We know how this story ends. As Abraham took his knife to obey God and carry out the sacrifice, a voice called out to stop him. Isaac, the beloved son was spared. Earlier, Isaac had asked his father Abraham a question—one that many after him would ask as well:[1]

Where is the Lamb?

In response, Abraham told Isaac that God would provide the lamb. Later in the story, God did provide a ram for Abraham to sacrifice instead of Isaac. God saw Abraham’s faith and he saw the need to provide a substitute offering. God saw and God provided.

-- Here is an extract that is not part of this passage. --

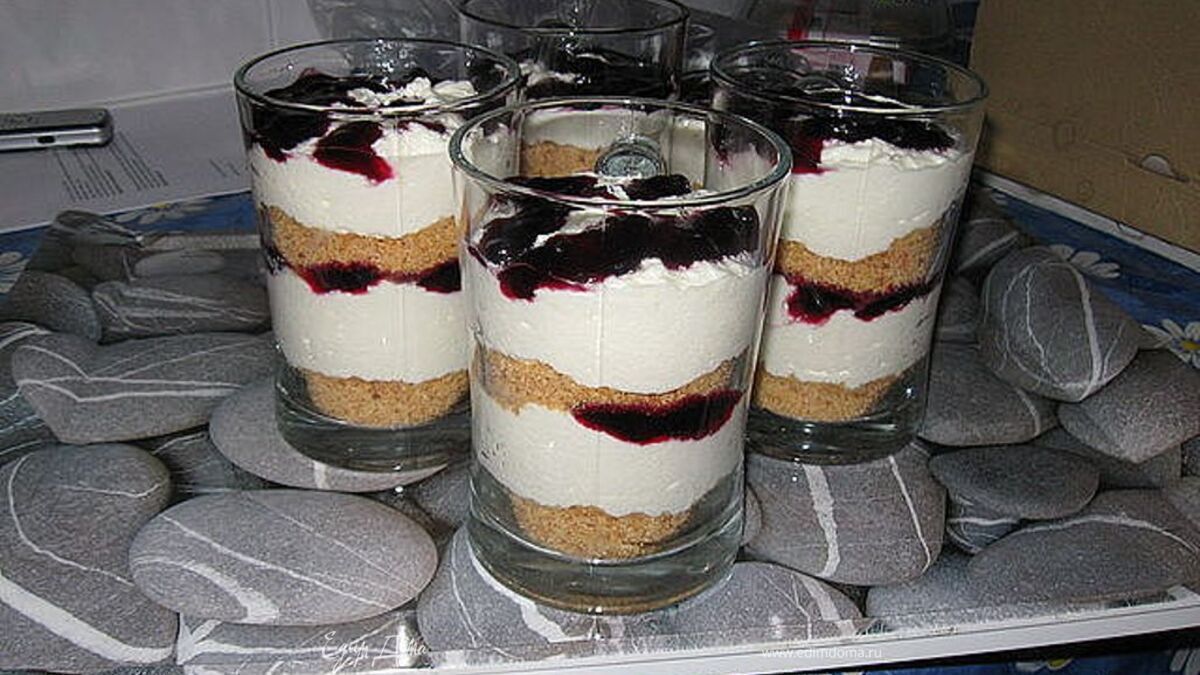 - Шаг 1Делаем крошку: В миксере смешиваем муку, сахар,разрыхлитель и масло, до получения крошки, добавляем желтки и мешаем до получения гладкого песочного теста. Руками разравниваем тесто на пергаменте( не важно какой формы)до тонкого слоя и выпекаем при 180 гр 20 мин до золотистого цвета. Охлаждаем тесто и размалываем в комбайне до крошки, держим закрытой до сборки торта. Приготовление творожного слоя: В микро растворяем шоколад с 1/2 коробочки сливок и размешиваем в гладкую массу,вмешиваем творог.В миксере взбиваем 1 1/2 коробочки сливок с сахаром до получения жестких пиков.Добавляем творожно шоколадную массу и слегка взбиваем.Заполняем этой массой кондитерский шприц. Сборка: На дно креманок или бакалов кладем ложку крошки( я клала 2), выдавливаем творожную массу на крошки, затем 1-2 ложечки варенья, затем еще слой творожной массы и в конце крошку( я делала по другому, сначала крочку,затем творог, затем варенье, затем опять крошку,после крошки творог и варенье. Закрыла пленкой и в холодильник на 2 часа. получилось очень сладко, даже моим сладкоежкам, поэтому в следующий раз положу 2 ложки сахара, вместо варенья возьму тертую клубнику или любой несладкий фрукт и наверное не буду класть шоколад:))))))))))
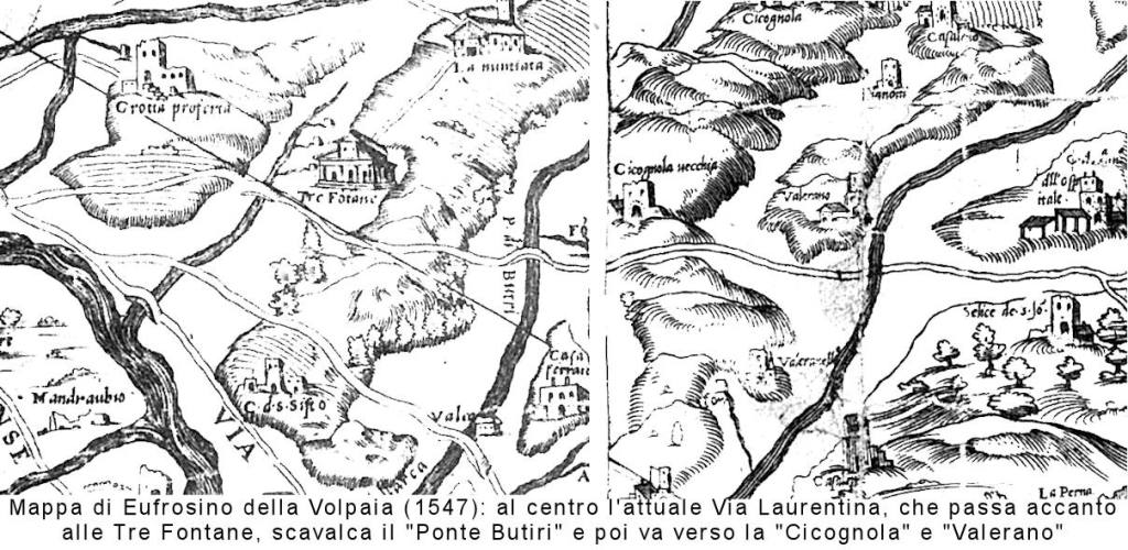 Come dice il nome, “Laurentina” perché conduce a Laurentum (l’attuale Pratica di Mare): la strada partiva dall’Ostiense e seguiva in parte il percorso della moderna Via di Decima e poi della Pontina e di Via di Pratica (vedi foto)

I love this story, because it reminds me of the Father whose beloved Son was not spared. This story points us to the sacrificial Lamb who took on the sins of the world. Our sins. God the Father provided the perfect Son who did not know sin, to be sin for us.

There are many marvelous mysteries in this verse, and one of the more impactful phrases is “for us.”  Salvation came at a cost. Remembering the story of Abraham and Isaac reminds us of that cost. We see that “God was willing to sacrifice for you what was most precious to Him.”[2] In the beginning of John’s Gospel, we read that John the Baptist recognized Jesus as that sacrificial Lamb when he cried out “Behold the Lamb of God, who takes away the sin of the world!”[3] God saw our need and he provided Jesus.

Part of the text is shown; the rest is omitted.